The microbes in our gut have a significant impact on many aspects of our health. New research has indicated that bacteria in the gastrointestinal tract can affect the activation of gut genes. Gene expression that is mediated by gut bacteria may also remodel the cells in the gut lining so the cells work more efficiently. The findings have been reported in Cellular and Molecular Gastroenterology and Hepatology.
In this study, the researchers compared the differences between normal mice and germ-free mice, which don't carry gut microbes. These mice were either fed normal mouse chow or a high-fat diet. The researchers then focused on intestinal epithelial cells, sequencing the RNA in those cells, which reveals the active genes. Lipidomic tools were used to analyze the fats in the cells.
While germ-free mice could metabolize fatty acids, they did so in a way that used very different genes than mice with a microbiome. The activity of genes related to fatty acid oxidation, which burns fatty acid for cellular fuel, increased in germ-free mice. This gene activity appears to impact the function of epithelial cells in the gut as well.

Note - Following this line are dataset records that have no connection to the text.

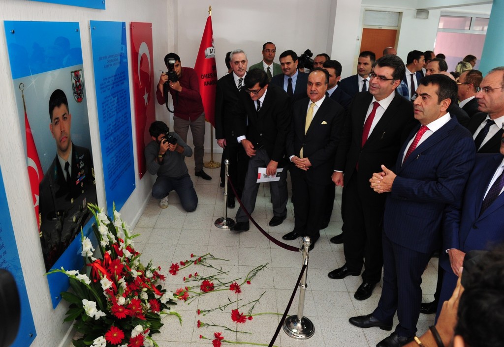Törende, şehit Ömer Halisdemir için hazırlanan köşede, Türk bayrağı, şehidin resmi, özgeçmişi ile bir kitabe yer aldı. Kitabede şu ifadelere yer verildi: “15 Temmuz 2016 tarihinde Türkiye Cumhuriyeti´nin bölünmez bütünlüğüne kasteden bir darbe girişimi gerçekleştirilmiştir. Özel Kuvvetler Komutanlığı mensubu olan kahramanımız Ömer Halisdemir şehit olacağını bilmesine rağmen darbecilerin en önemli isimlerinden birini hak ettiği biçimde alnından vurmuş ve darbe girişiminin seyrini değiştirmiştir. Şanlı tarihimize yeni bir sayfa açan şehidimizin adı kızının da eğitim ve öğretim gördüğü okulumuza yüce bir miras olarak kalmıştır.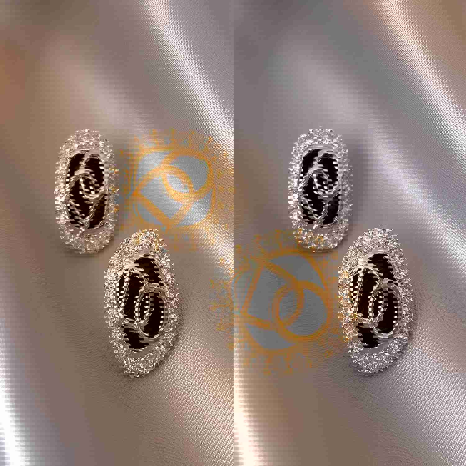 Korean 14K Gold Plated Double Layer Flower Zircon Earrings - Simple & Elegant Women's Daily Work Accessories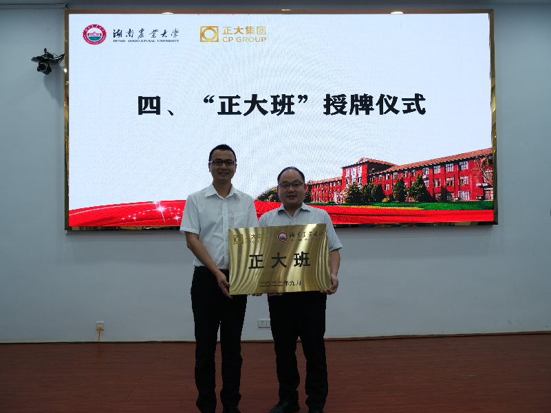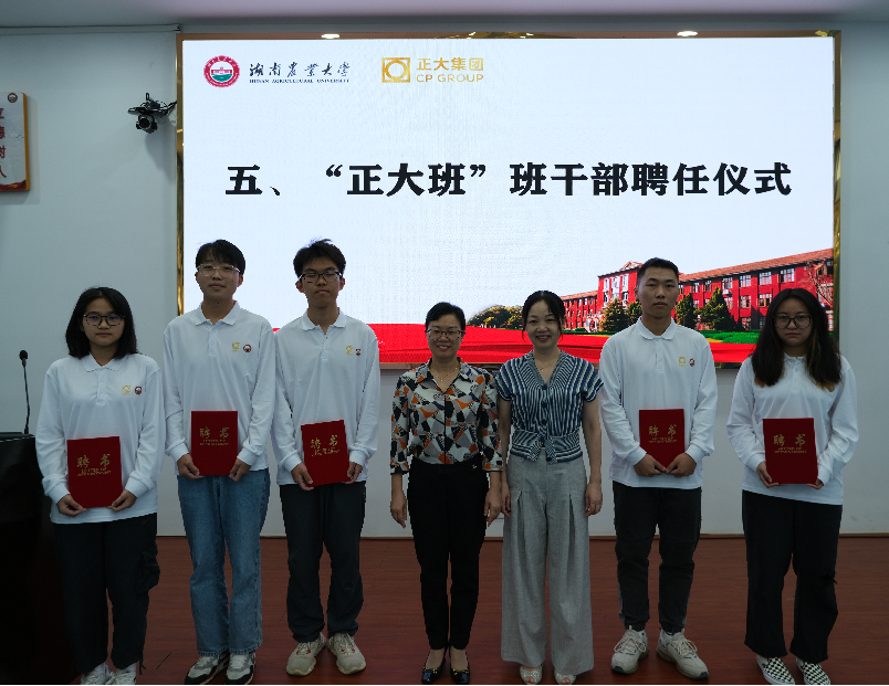 用心呵护,用爱履责,用诚育才。动科学院党委副书记肖露和正大集团湖南区资深总裁邓红成分别作为校方班主任和企业方班主任在“正大班”班主任聘任仪式中从张立副校长手中接过聘书。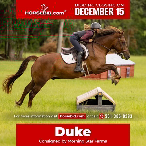 🎄𝐓𝐇𝐄 𝑯𝒐𝒍𝒊𝒅𝒂𝒚 𝐂𝐋𝐀𝐒𝐒𝐈𝐂🎄 Happening now thru MONDAY | DECEMBER 15th - Available EXCLUSIVELY on HorseBid's website! For more details and to register visit: www.Horsebid.com CONSIGNOR CONTACT: Morning Star Farms 561-386-0293 LOCATION: West Palm Beach, FL BREED: Draft Cross Pony REGISTERED: No COLOR: Sorrel HEIGHT: 14.2 AGE: 7 GENDER: Gelding Are you looking for your next equine best friend? Meet Duke, a 7-year-old, 14.2h draft cross pony. Duke brings a whole lot of heart and talent in a compact, versatile package. From swinging a rope to schooling dressage, clearing jumps, cruising the trails, or riding Western — Duke has done it all. He’s even carried kids in summer camp leadline and tackled bridleless jumps like a pro. Yes, he can even be ridden bareback with ease! He’s got a sweet soul and truly enjoys having someone to love on him. He is as "Steady Eddie" as they come, packing around riders of all ages and skill levels from age 6-72! He really knows how to meet his rider where they are — as long as they can give him just enough structure to shine. Duke would best flourish with a confident rider to continue his training, but he has also shown how well he does just getting pulled out as a "play horse" for fun days at the farm! He thrives with a job and does best in a consistent program, though he’ll never turn down a play day or a little extra attention. With his lovable personality, all-around experience, and flair for fun, Duke is ready to be someone’s next dependable — and delightfully versatile — partner.

"We were surprised to find that the gene playbook that the gut epithelium uses to respond to dietary fat is different depending on whether or not microbes are there," said John Rawls, Ph.D., a professor of molecular genomics and microbiology at Duke University.

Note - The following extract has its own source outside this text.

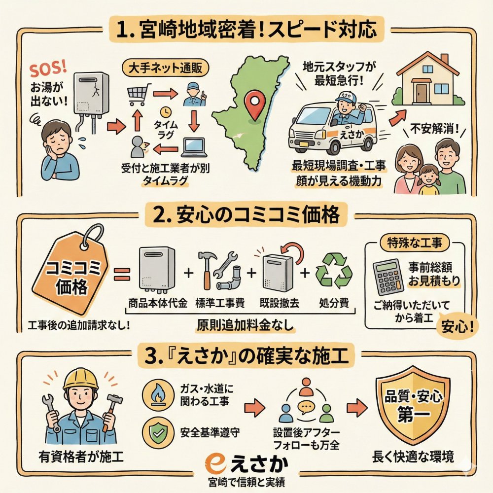 宮崎市で給湯器の交換をご検討の方は、ぜひ専門店「えさか」にご相談ください。
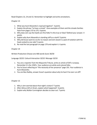 The document provides reading and writing assignments for chapters 13, 14, and 15 of To Kill a Mockingbird. For chapter 13, there are 6 multiple choice questions asking about details in the chapter. For chapter 14, students must choose one of three writing prompts and write a 400 word response as a newspaper article or character reflection. Chapter 15 includes 3 multiple choice questions about events and characters in the chapter. The summary should be concise and focus on the key information that students are being asked to read chapters of a book and respond to comprehension questions and short writing assignments.

The gut has to break down food and absorb nutrients to provide energy for our bodies, "but the gut has to eat too," Rawls said. The researchers suggested that in the germ-free mice, the gut consumes more fat "than it would if the microbes were there."
This research also confirmed other studies that have shown gut microbes can aid in fat absorption in the gut. Other recent work has suggested that the "larger architecture of the intestine" and gene expression in the gut can change, though scientists are still learning more about how that happens, said first study author Colin Lickwar, Ph.D., a researcher in the Rawls lab.
This study revealed that a transcription factor, a molecule that impacts the expression of other genes, called HNF4-Alpha seems to integrate molecular signals in the intestine. HNF4-Alpha can respond to microbes, and is involved in the regulation of lipid metabolism genes.
"For every way that germ-free animals seem unusual, that teaches us something about the large impact of the microbiome on what we consider to be 'normal' animal biology," Rawls said.